WITH country_or_other AS
    (
     SELECT
       CASE
           WHEN (
                 SELECT count(*)
                 FROM customers
                 where Country = c.Country
                ) = 1 THEN "Other"
           ELSE c.Country
       END AS country,
       c.customerId,
       it.*
     FROM invoice_items it
     INNER JOIN invoices i ON i.invoiceId = it.invoiceId
     INNER JOIN customers c ON c.customerId = i.customerId
    )

SELECT
    country,
    customers,
    total_sales,
    average_order,
    customer_lifetime_value
FROM
    (
    SELECT
        country,
        count(distinct customerId) customers,
        SUM(unitPrice) total_sales,
        SUM(unitPrice) / count(distinct customerId) customer_lifetime_value,
        SUM(unitPrice) / count(distinct invoiceId) average_order,
        CASE
            WHEN country = "Other" THEN 1
            ELSE 0
        END AS sort
    FROM country_or_other
    GROUP BY country
    ORDER BY sort ASC, total_sales DESC
    );

 * sqlite:///chinook.db
Done.


country,customers,total_sales,average_order,customer_lifetime_value
USA,13,523.060000000003,5.747912087912121,40.235384615384845
Canada,8,303.9600000000013,5.427857142857166,37.99500000000016
France,5,195.1000000000003,5.574285714285723,39.02000000000006
Brazil,5,190.10000000000028,5.43142857142858,38.02000000000005
Germany,4,156.48,5.588571428571428,39.12
United Kingdom,3,112.8599999999998,5.374285714285704,37.619999999999926
Czech Republic,2,90.23999999999997,6.445714285714283,45.11999999999998
Portugal,2,77.23999999999998,5.517142857142856,38.61999999999999
India,2,75.25999999999998,5.789230769230768,37.62999999999999
Other,15,604.3000000000037,5.755238095238131,40.28666666666691


Based on the data, there may be opportunity in Czech Republic, and India- considering they have quite high average order numbers.

Also we should not forget the sample size from each of these countries is relatively low. 
Consequently, we should be cautious investing too much money on new marketing campaigns. 
Hence it would be wise to run small campaigns in these countries, collect and analyze the new customers to make sure that these trends hold with new customers.

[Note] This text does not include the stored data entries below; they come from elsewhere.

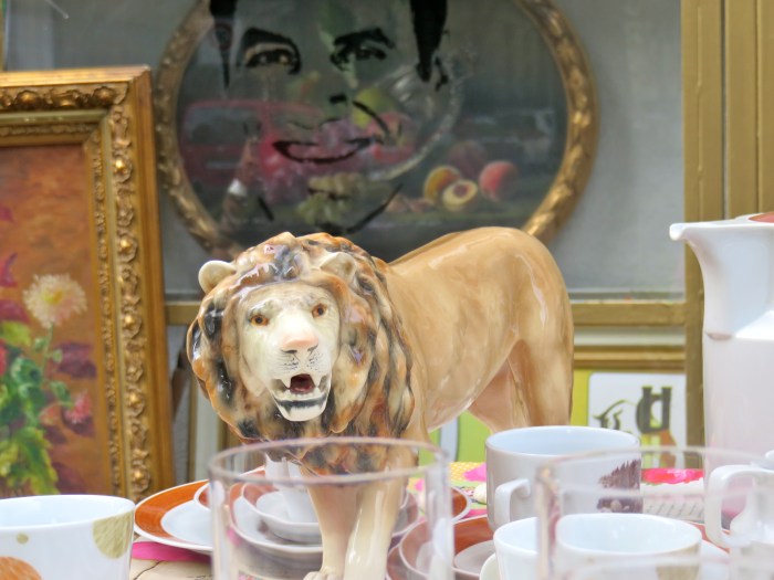 kennt wohl so ziemlich jede/r, persönlich oder als Redewendung, aber Porzellanlöwen auf dem Kaffeetisch? Vielleicht bei Damen, die gerade Diät halten (da steht er dann vor der Sahnetorte) oder beim Kindergeburtstag (obwohl ein Darth Vader aus Plastik wahrscheinlich die in jeder Hinsicht attraktivere Variante wäre). Möglicherweise ist er bei einem Frühstücksbuffet besser aufgehoben, zumindest hätte er da mehr Auslauf. Aber Tiere sind in Hotels ja grundsätzlich verboten. Ich habe ihn jedenfalls nicht gekauft. Löwen putzen sich nie die Zähne und haben unweigerlich argen Mundgeruch. Aber auf dem Rückweg schon, als ich wieder an der als Kaffeetisch dekorierten Auslage des Trödlers vorbeikam, war der Löwe weg. Hoffentlich, dachte ich, hat er sich von alleine davon gemacht. Irgendwo hin ins nächste Unterholz.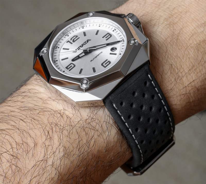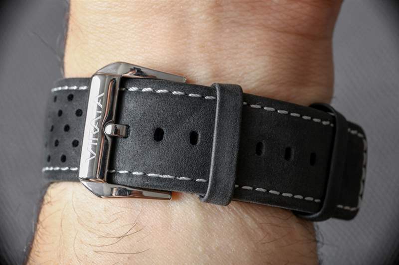 如果沒(méi)有傳統(tǒng)的表耳,44 毫米寬的表殼比您想象的要小,而且看起來(lái)也比其大約 13 毫米的厚度可能暗示的要薄。這種更纖細(xì)的佩戴輪廓可以歸因于表殼的錐形特性,其中中間部分比頂部或背面更寬。鑒于此表殼尺寸,22 毫米寬的表耳可制成合適尺寸的表帶。Virata 提供帶有一些對(duì)比色縫線的黑色穿孔皮革表帶。表帶在幫助表殼感覺(jué)運(yùn)動(dòng)和現(xiàn)代方面做得很好,但我認(rèn)為創(chuàng)意所有者可能會(huì)找到其他表帶,幫助手表更好地適應(yīng)他們的個(gè)性(除非你穿了很多穿孔的衣服或配飾)。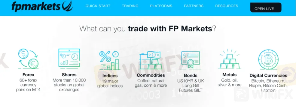 FP Markets advertises that it offers access to more than 1,000 instruments, including forex (60+ forex currency pairs) and CFD trading in shares, indices, commodities, bonds, metals (gold, oil, silver, etc.) and digital currencies of Bitcoin, Ethereum, Ripple, Bitcoin Cash and Litecoin.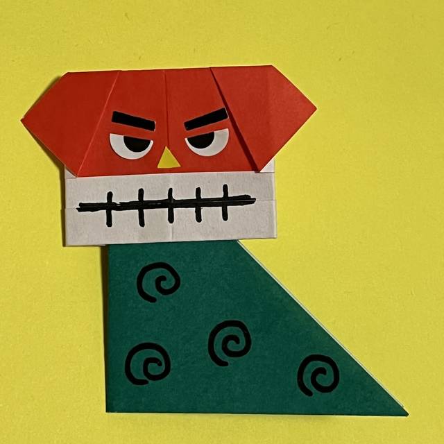 尖っている部分をお顔に差し込んで、のりでつけたら出来上がり!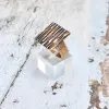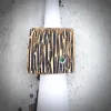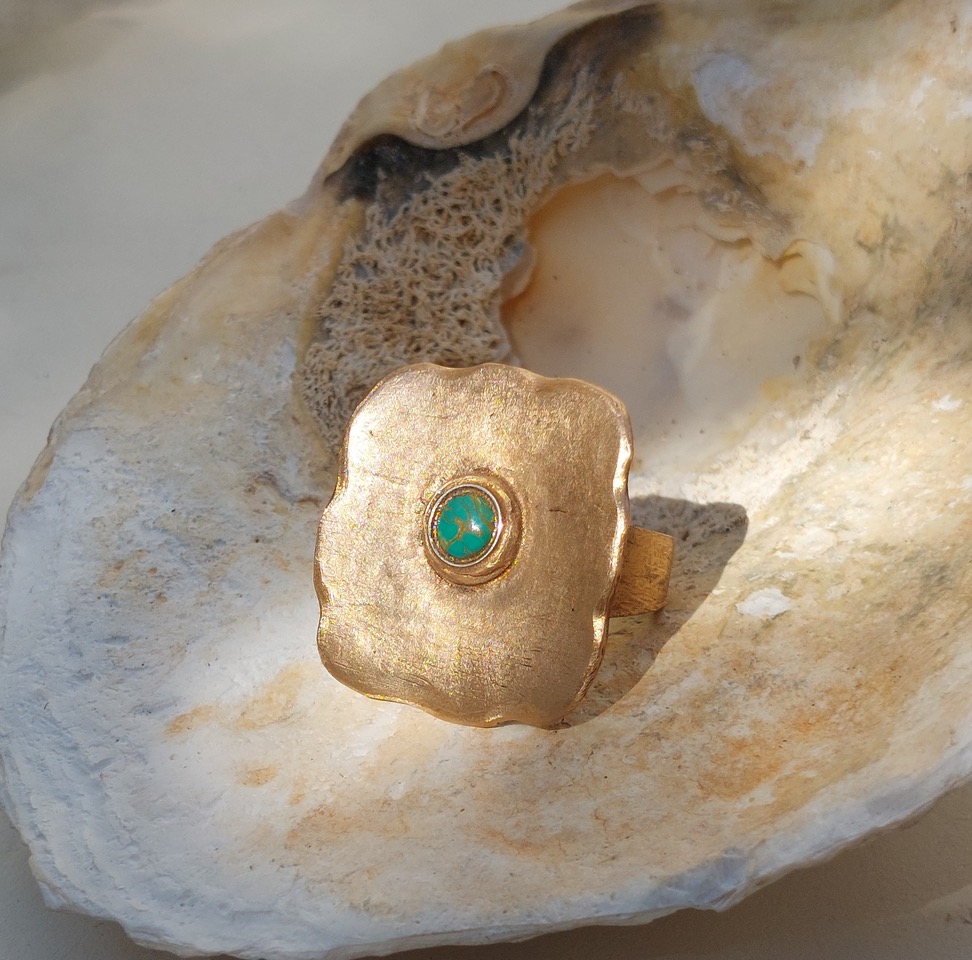 Square - Aparte goudkleurige moderne design ring. Opvallend is de organische textuur van deze unieke en stoere ring. De ring is vervaardigd uit brons en de fraai gepatineerde cannelures geven dit sieraad een bijzondere uitstraling!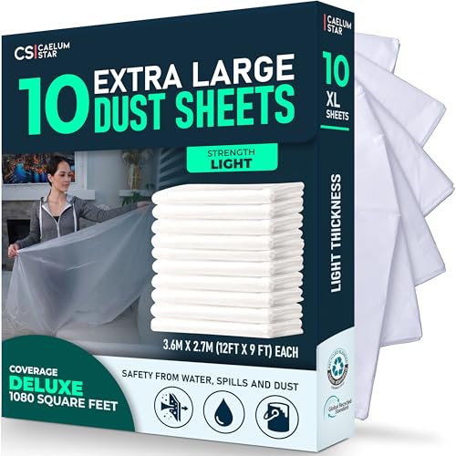 CS 10 Pack Plastic Dust Sheets for Decorating 3.6 x 2.7m (12x9 ft), Extra Large Dust Sheets for Painting, Clear Plastic Sheet Polythene Sheeting Painting Tools, Decorating Tools, Home Improvement

## Albums vs Individual Tracks

In [9]:
%%sql

WITH invoice_first_track AS
    (
     SELECT
         it.invoiceId invoiceId,
         MIN(it.trackId) first_track_id
     FROM invoice_items it
     GROUP BY 1
    )

SELECT
    album_purchase,
    COUNT(invoiceId) number_of_invoices,
    CAST(count(invoiceId) AS FLOAT) / (
                                         SELECT COUNT(*) FROM invoices
                                      ) percent
FROM
    (
    SELECT
        ifs.*,
        CASE
            WHEN
                 (
                  SELECT t.trackId FROM tracks t
                  WHERE t.albumId = (
                                      SELECT t2.albumId FROM tracks t2
                                      WHERE t2.trackId = ifs.first_track_id
                                     ) 

                  EXCEPT 

                  SELECT it2.trackId FROM invoice_items it2
                  WHERE it2.invoiceId = ifs.invoiceId
                 ) IS NULL
             AND
                 (
                  SELECT it2.trackId FROM invoice_items it2
                  WHERE it2.invoiceId = ifs.invoiceId

                  EXCEPT 

                  SELECT t.trackId FROM tracks t
                  WHERE t.albumId = (
                                      SELECT t2.albumId FROM tracks t2
                                      WHERE t2.trackId = ifs.first_track_id
                                     ) 
                 ) IS NULL
             THEN "yes"
             ELSE "no"
         END AS "album_purchase"
     FROM invoice_first_track ifs
    )
GROUP BY album_purchase;

 * sqlite:///chinook.db
Done.


album_purchase,number_of_invoices,percent
no,410,0.9951456310679612
yes,2,0.0048543689320388


Album purchases account for only 0.4% of purchases. Based on this data, I would suggest purchasing only select tracks from albums from record companies, since they account for almost 100% of revenue.